## WORK ORDER
From the listing below, copy only the lines running from the line that contains "Made with all" to the line that contains "خاصة للملابس الصغيرة.", both included.

## DATA FOR PROCESSING

──────────

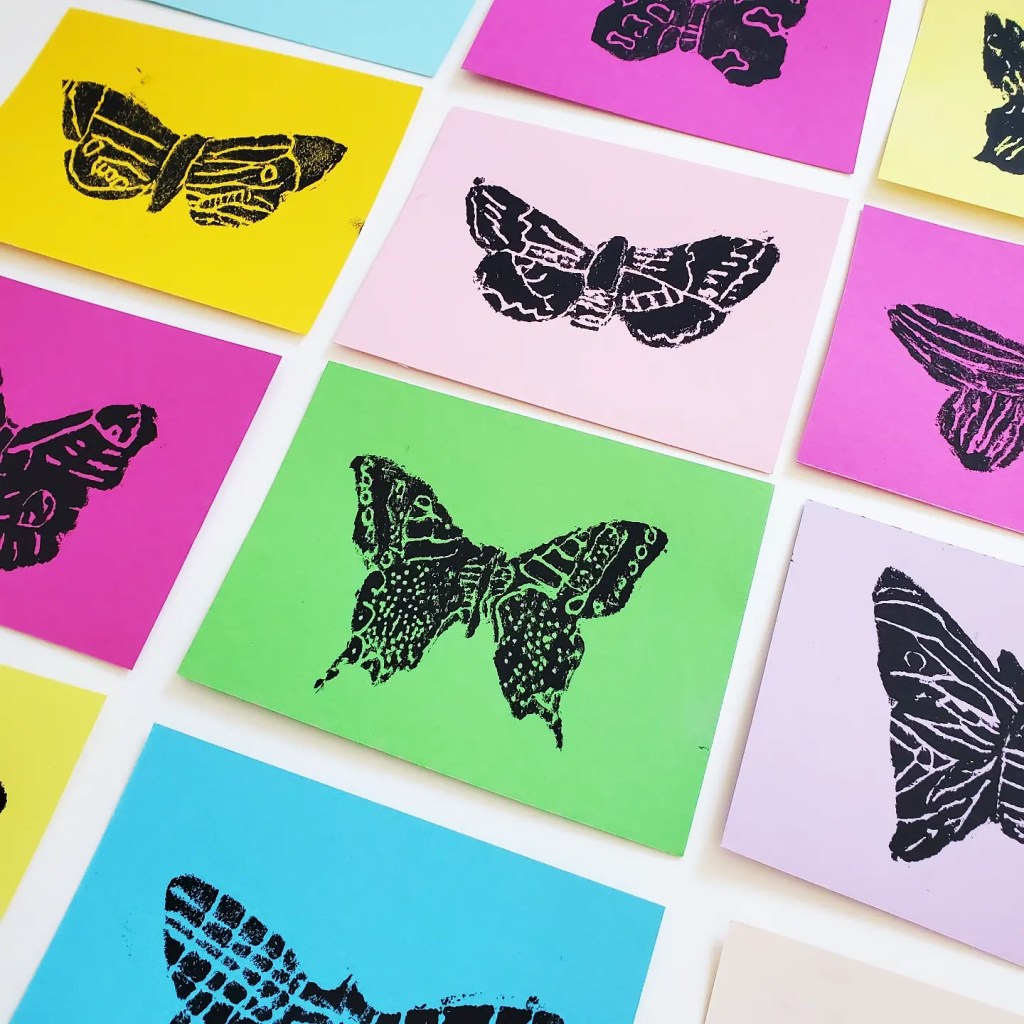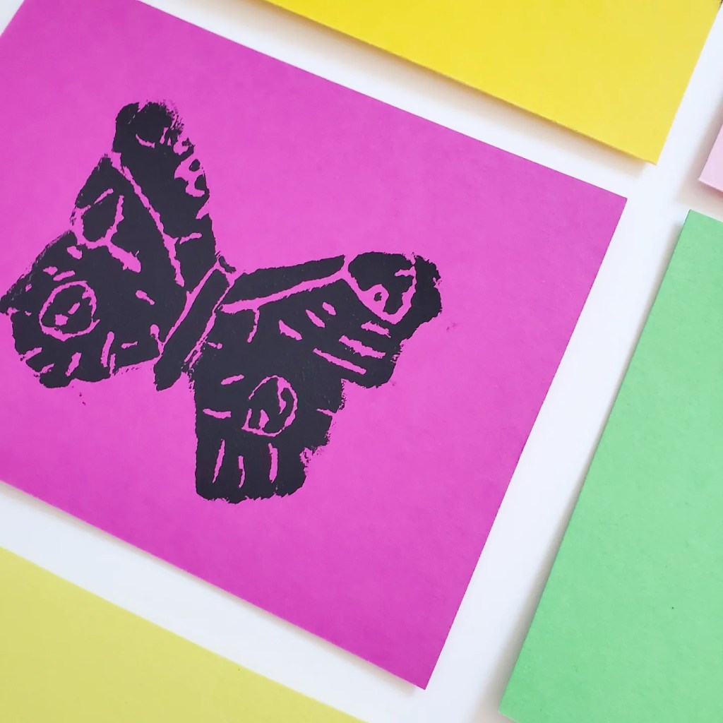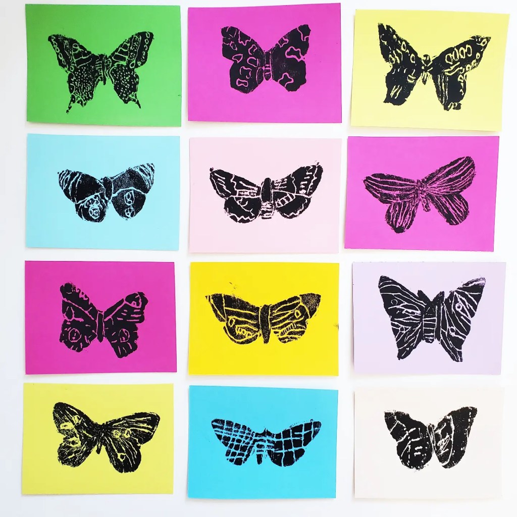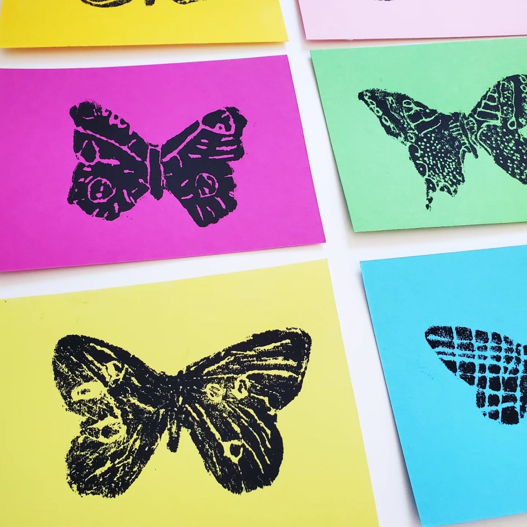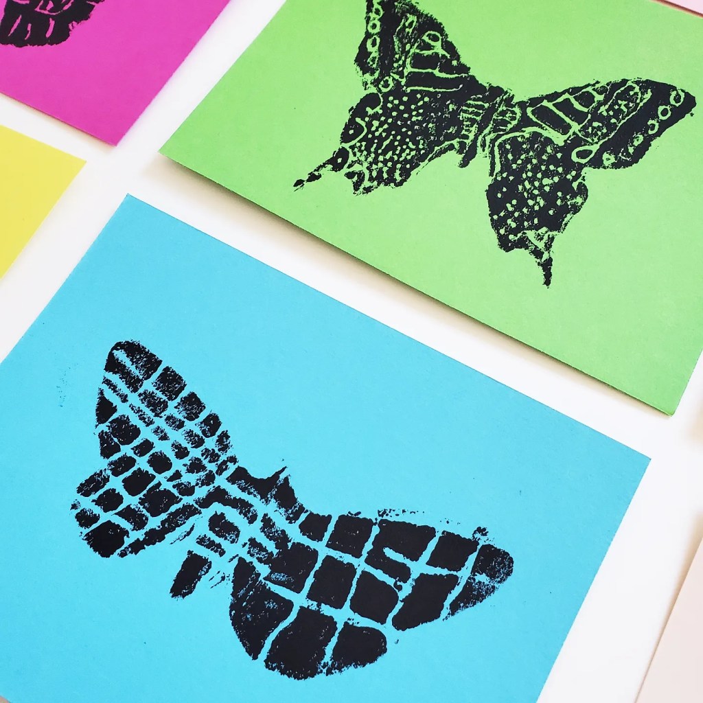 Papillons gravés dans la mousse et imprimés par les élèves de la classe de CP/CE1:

──────────

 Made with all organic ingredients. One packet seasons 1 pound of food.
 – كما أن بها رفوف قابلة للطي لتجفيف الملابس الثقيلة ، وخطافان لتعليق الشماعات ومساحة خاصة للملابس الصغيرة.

──────────

## RESULT OF THE EXERCISE
 Made with all organic ingredients. One packet seasons 1 pound of food.
 – كما أن بها رفوف قابلة للطي لتجفيف الملابس الثقيلة ، وخطافان لتعليق الشماعات ومساحة خاصة للملابس الصغيرة.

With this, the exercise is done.